For much of the last year, New York City has said the devastating
breakdown in fire communications at the World Trade Center was
largely caused by the failure of an electronic device in the
complex called a repeater, which was designed to boost radio
transmissions in high rise buildings.

Now, however, the Port Authority of New York and New Jersey's
analysis of its 78-minute tape of firefighter communications from
Sept. 11 flatly contradicts the city's version of what went wrong.
It also raises questions about the thoroughness of the city's
investigations into the worst loss of life any fire department has
ever experienced - 343 men.

If the Port Authority's position is correct, it raises the
possibility that different factors - failure of other equipment,
design of communications consoles in the tower lobbies, or a
simple mistake made at a moment of high stress - might have
accounted for the communications breakdowns. Many firefighters
believe those breakdowns contributed to the department's
staggering losses.

On the tape, which recorded transmissions as they were passed
through the repeater, firefighters in the south tower can be heard
speaking over their radios until the building collapses.
Practically no communications are recorded from firefighters in
the north tower, even though the same repeater served both of the
towers.

Before the voices from the south tower are heard, a series of
coded tones are captured on the tape, marking the moment that the
radio repeater was turned on, a spokesman for the Port Authority
said.

In the view of Port Authority officials, those transmissions show
beyond any doubt that the repeater worked, contrary to the
accounts given in an official study of the emergency response that
has been endorsed by Mayor Michael R. Bloomberg and Fire
Commissioner Nicholas Scoppetta.

Asked, then, what would account for the communications failures, a
spokesman for the Port Authority, Greg Trevor, said, "You will
have to put those questions to the Fire Department."

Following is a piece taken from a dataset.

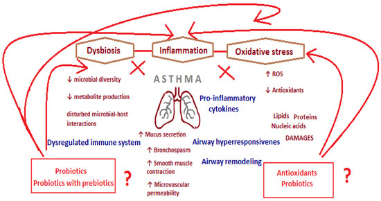 The aim of this study is to present the state of knowledge on the participation of dysbiosis and reactive oxygen species in the development of asthma. Moreover, this paper reviews the latest data on the role of probiotics, prebiotics, and antioxidants in this area.
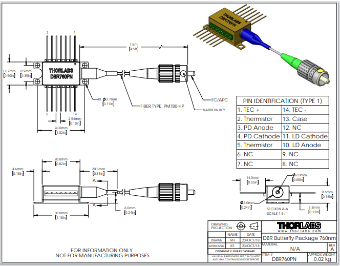 Thorlabs索雷博 DBR760PN - 分布式布拉格反射激光器

The tape is likely to be remembered as far more than a record of
what went wrong. It contains the only permanently preserved voices
of firefighters from the tower stairwells, including transmissions
from the fire chief who climbed highest into the building. As the
firefighters raced up the stairs of the south tower, and right
until the final seconds, they can be heard calmly organizing help
for injured civilians as high as the 78th floor.

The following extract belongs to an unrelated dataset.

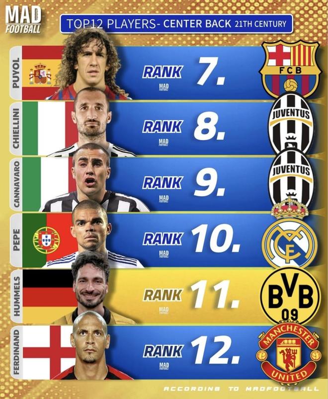 普約爾僅第7明顯偏低。他在巴薩與西班牙的雙核心地位、長期穩定性與大賽質量(歐冠+世界杯+歐洲杯)兼具,應進入前四的討論。費迪南德排到第12也偏低;英超統治期的后防組織、出球與閱讀比賽能力,使他至少應處于5–8名這一檔。

"All right, Tommy," a firefighter from Ladder 15 is heard saying
minutes before the collapse, "it's imperative that you try to get
down to the lobby command post and get some people up to 40. We
got injured people up here on 70. If you make it to the lobby
command post, see if they can somehow get elevators past the 40th
floor. We got injured people all the way up here."

A spokesman for the Fire Department, Francis X. Gribbon, said
yesterday that the department still believed the machinery had
failed in some way. "The system was tested in the lobby by two
experienced chiefs who came to the conclusion that it was not
functioning," he said, referring to the north tower.

That leaves unanswered one of the most stinging of all the
questions about fire operations that day. Even though the north
tower stood 29 minutes longer than the south tower, at least 121
firefighters did not escape from it. While chiefs in the north
tower lobby issued orders to come down, they received no response.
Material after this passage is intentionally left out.